Wodurch äußert sich Hochsensibilität?

Hochsensible Menschen haben extrem feine Antennen. Sie reagieren stärker auf Reize als andere, sowohl auf körperlicher als auch auf sozialer und psychischer Ebene. So sind sie zum Beispiel besonders empfindlich, was Gerüche, Geschmäcker oder Geräusche angeht. Aber auch für Stimmungen in sozialen Situationen – seien es Sympathien oder Disharmonien, Gelassenheit oder Unruhe – sowie für Empfindungen einzelner Personen – von Trauer bis Glück, von Wut bis Sanftmut – sind sie besonders empfänglich. Das geht so weit, dass sie die Empfindungen anderer Menschen internalisieren und sich selbst physisch unwohl fühlen, wenn ihr Gegenüber zum Beispiel unter Schmerzen leidet.

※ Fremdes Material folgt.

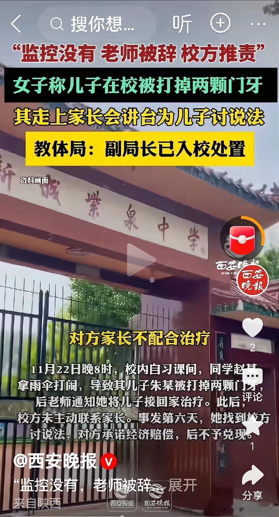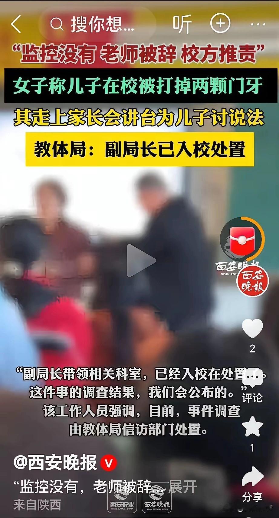 刚刚刷到一位妈妈冲上讲台为被打断两颗门牙孩子讨说法视频,太令人气愤了,但凡有一点办法谁会这么闹。 视频里这位妈妈全程情绪稳定逻辑清晰,已经很理智了,没说一句脏话。没有大吵大闹,没有撒泼打滚,一直在陈述事实和事件过程。 反倒是旁边两个老师,一直打断家长发声,还在那对家长拉拉扯扯的。最后,把家长拉走,到了办公室,又耍无赖,不给受害者家长说法,不管不问,还在那玩手机。 孩子在学校受了伤,作为学校,不能事不关己,学校本应是保护伞,保护好孩子的权益。 我就想问问大家,遇到这种事,家长还能有啥更好的办法?
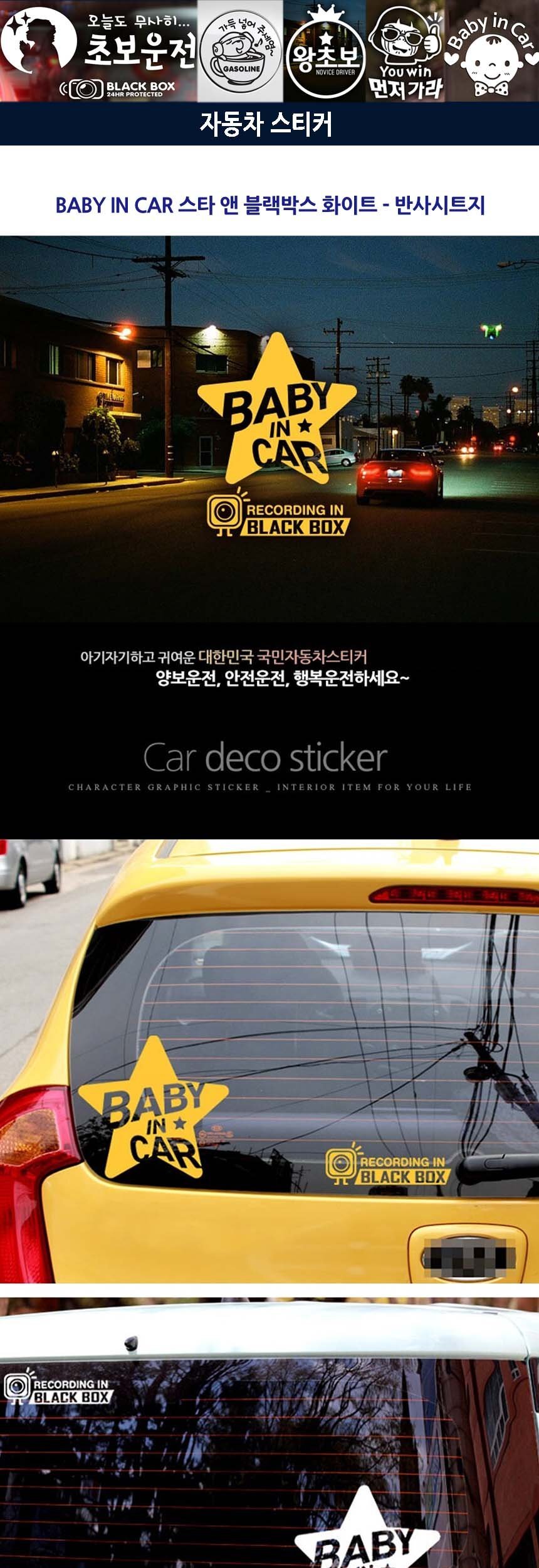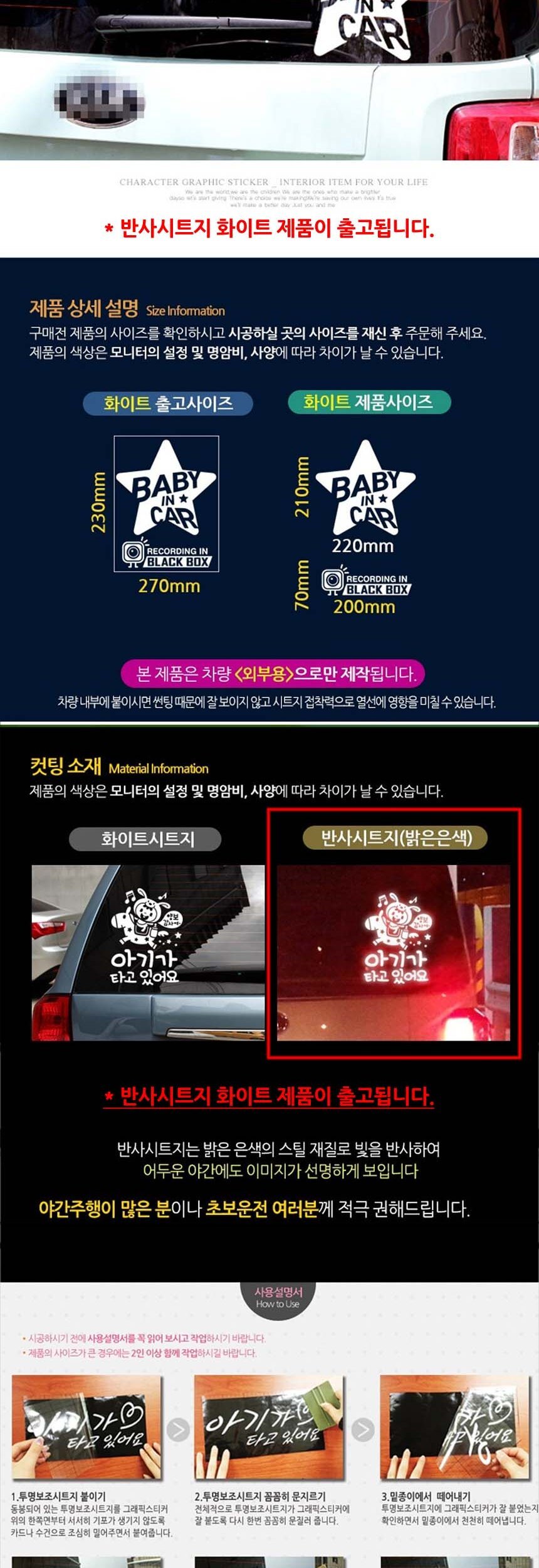 자동차스티커 baby in car 스타화이트 반사시트지 이미지/

Welche Ursachen hat Hochsensibilität?

Zwar ist Hochsensibilität noch nicht ausreichend erforscht, jedoch gibt es bereits Erkenntnisse über ihre biologischen Hintergründe: Wie die Verhaltensforscherin Birgit Trappmann-Korr mithilfe von Magnetresonanztomographie herausgefunden hat, sind die Bereiche des Gehirns, die Sinnesinformationen verarbeiten, bei hochsensiblen Menschen aktiver als bei anderen. Dadurch kann sich eine Vielzahl unterschiedlicher Reize ungefiltert ihren Weg in das Nervensystem bahnen. Laut dem Psychologenehepaar Elaine und Arthur Aron ist Hochsensibilität keine Krankheit, sondern ein vererbbares Persönlichkeitsmerkmal. Etwa 15-20 Prozent der Menschen sind ihren Forschungsergebnissen zufolge davon betroffen – wobei die Art und Intensität der Sensibilität variieren kann.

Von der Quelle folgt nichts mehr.